It would be good to know the usefulness of above additional metrics that we 
capture, by sample runs and some numbers that could demonstrate it.

> Streaming Listener timing metrics should include time spent in JobGenerator's 
> graph.generateJobs
> ------------------------------------------------------------------------------------------------
>
>                 Key: SPARK-14597
>                 URL: https://issues.apache.org/jira/browse/SPARK-14597
>             Project: Spark
>          Issue Type: Improvement
>          Components: Spark Core, Streaming
>    Affects Versions: 1.6.1, 2.0.0
>            Reporter: Sachin Aggarwal
>            Priority: Minor
>
> While looking to tune our streaming application, the piece of info we were 
> looking for was actual processing time per batch. The 
> StreamingListener.onBatchCompleted event provides a BatchInfo object that 
> provided this information. It provides the following data
>  - processingDelay
>  - schedulingDelay
>  - totalDelay
>  - Submission Time
>  The above are essentially calculated from the streaming JobScheduler 
> clocking the processingStartTime and processingEndTime for each JobSet. 

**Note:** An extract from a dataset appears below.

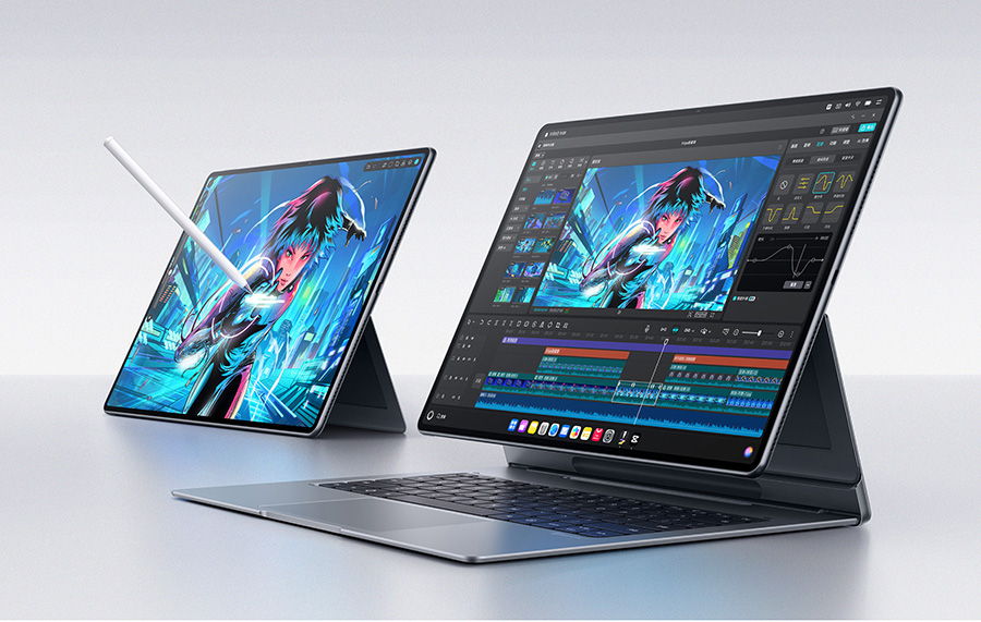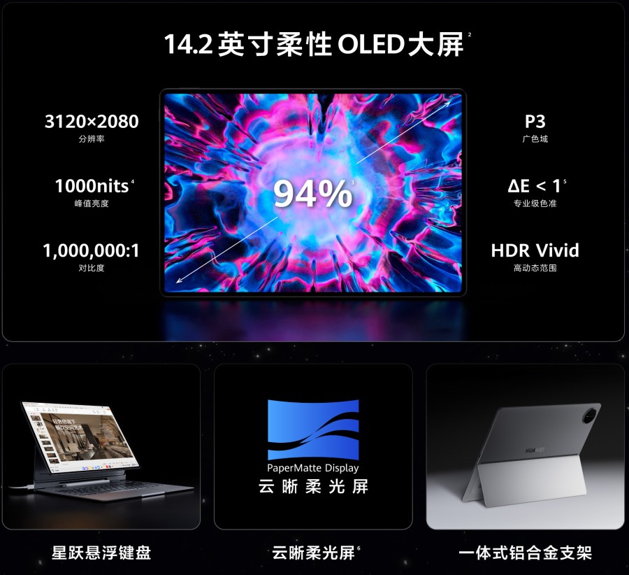 MatePad Edge配备了一块顶级的14.2英寸柔性OLED云晰柔光屏,无刘海设计搭配94%的超高屏占比、3.1K的高分辨率、120Hz高刷新率以及1000nit的最高亮度,为用户带来了高清护眼、沉浸宽阔、明亮细腻的视觉体验。同时,该设备采用多驱动阵列式六扬声器设计,支持移动全景声技术,与HUAWEI FreeClip 2开放式耳机联合发声,组成独立的四声道系统,实现360°影院级声场体验,打造个人专属移动影院。

> Another metric available is submissionTime which is when a Jobset was put on 
> the Streaming Scheduler's Queue. 
>  
> So we took processing delay as our actual processing time per batch. However 
> to maintain a stable streaming application, we found that the our batch 
> interval had to be a little less than DOUBLE of the processingDelay metric 
> reported. (We are using a DirectKafkaInputStream). On digging further, we 
> found that processingDelay is only clocking time spent in the ForEachRDD 
> closure of the Streaming application and that JobGenerator's 
> graph.generateJobs 
> (https://github.com/apache/spark/blob/branch-1.6/streaming/src/main/scala/org/apache/spark/streaming/scheduler/JobGenerator.scala#L248)
>  method takes a significant more amount of time.
>  Thus a true reflection of processing time is
>  a - Time spent in JobGenerator's Job Queue (JobGeneratorQueueDelay)
>  b - Time spent in JobGenerator's graph.generateJobs (JobSetCreationDelay)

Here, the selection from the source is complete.